The CBS 2 Investigators broke the story of a wrong raid on the Mendez family’s apartment. Guns were pointed at the family, and an innocent Gilbert Mendez was handcuffed in front of his children Jack and Peter, who were terrified.

“Just the saddest moment,” said Peter Mendez.

About these wrong raids, Superintendent Johnson said, “we try to provide the officers all the training we can, to ensure that type of thing doesn’t happen.”

But it is happening – repeatedly.

Sharnia Phillips says a bad warrant led to her home being raided and guns pointed at her.

“I could have been killed,” said Sharnia Phillips.

Cynthia Eason said it happened in her family’s home too. She said police held a gun to her 13-year-old grandson’s head.

“If he had to move, tripped or anything, who’s to say what the cop would have done,” said Eason.

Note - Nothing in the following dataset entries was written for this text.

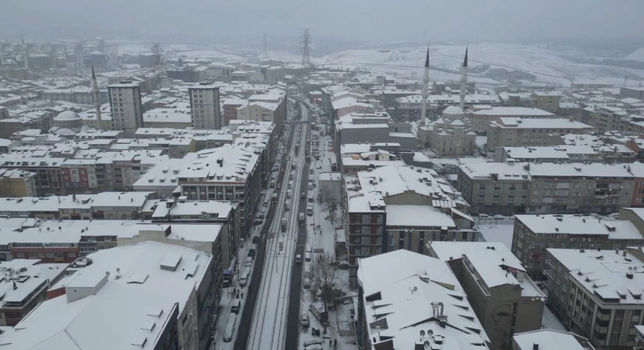Meteorolojinin uyarılarının ardından İstanbul’da başlayan ve ara ara yağmaya devam eden kar yağışı, etkisini yüksek kesimlerde sürdürdü. Sultangazi kar yağışı nedeniyle beyaza büründü. Yer, araç ve çatıların üzeri kar tabakasıyla kaplanırken, ortaya çıkan görsel şölen dron kamerasına yansıdı.
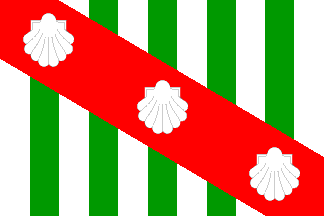 The five green pales symbolize that the name Canavieiras originated from the cane fields [canaviais] that long ago belonged to the Vieira family, which was important in the earliest period of the city. The red bend charged with three scallop shells [vieiras] of silver symbolizes the Vieiras with elements of their family arms, and also recalls the patron saint of the city, St. Bonaventure, through the red color of the bend. The six white (silver) stripes represent our white sand beaches, silvery on moonlit nights. The flag of Canavieiras is the result of a competition sponsored by the local Lions Club, in 1967, during the administration of João Perelo de Matos, of which Jorge Silva Souza was the winner.Dov Gutterman, 24 February 2002
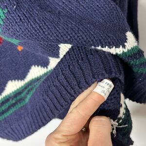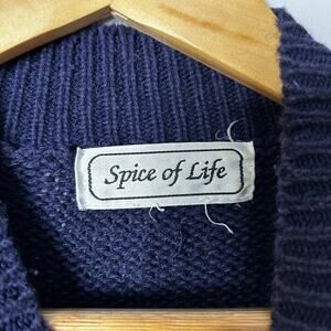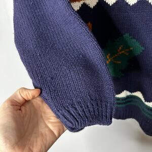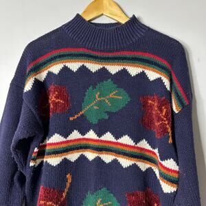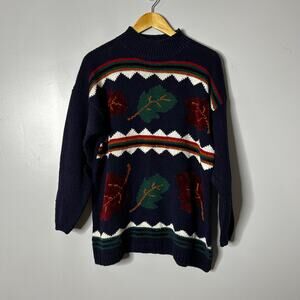 Vintage Spice of Life Chunky Knit Novelty Print Sweater Women’s Large Blue Leaf

Today a lawsuit was filed in that case by the family’s attorney Al Hofeld, Jr.

“Officers terrorized a totally innocent family,” said Hofeld, Jr.

“We do everything we can, but we’re not perfect,” said Superintendent Johnson about wrong raids. “We’re human. Sometimes we make mistakes.”

For months now, CBS 2 Investigators have repeatedly requested search warrant information from CPD, including a list of all the wrong raids. Nothing has been released.

In the Mendez case, police were caught on body camera video saying they were at the wrong place.

“He gave us the wrong (expletive) apartment,” said an officer on the video. “He gave us the wrong apartment.”

But officers continued to search the apartment.

When asked whether CPD tracks these wrong raids, Superintendent Johnson said, “yeah we look at it.”

When asked if he has actual numbers, he said, “I don’t have it off the top of my head, but we do have that.”

CBS 2 Investigators will continue to pursue getting those numbers and covering this growing pattern of bad raids.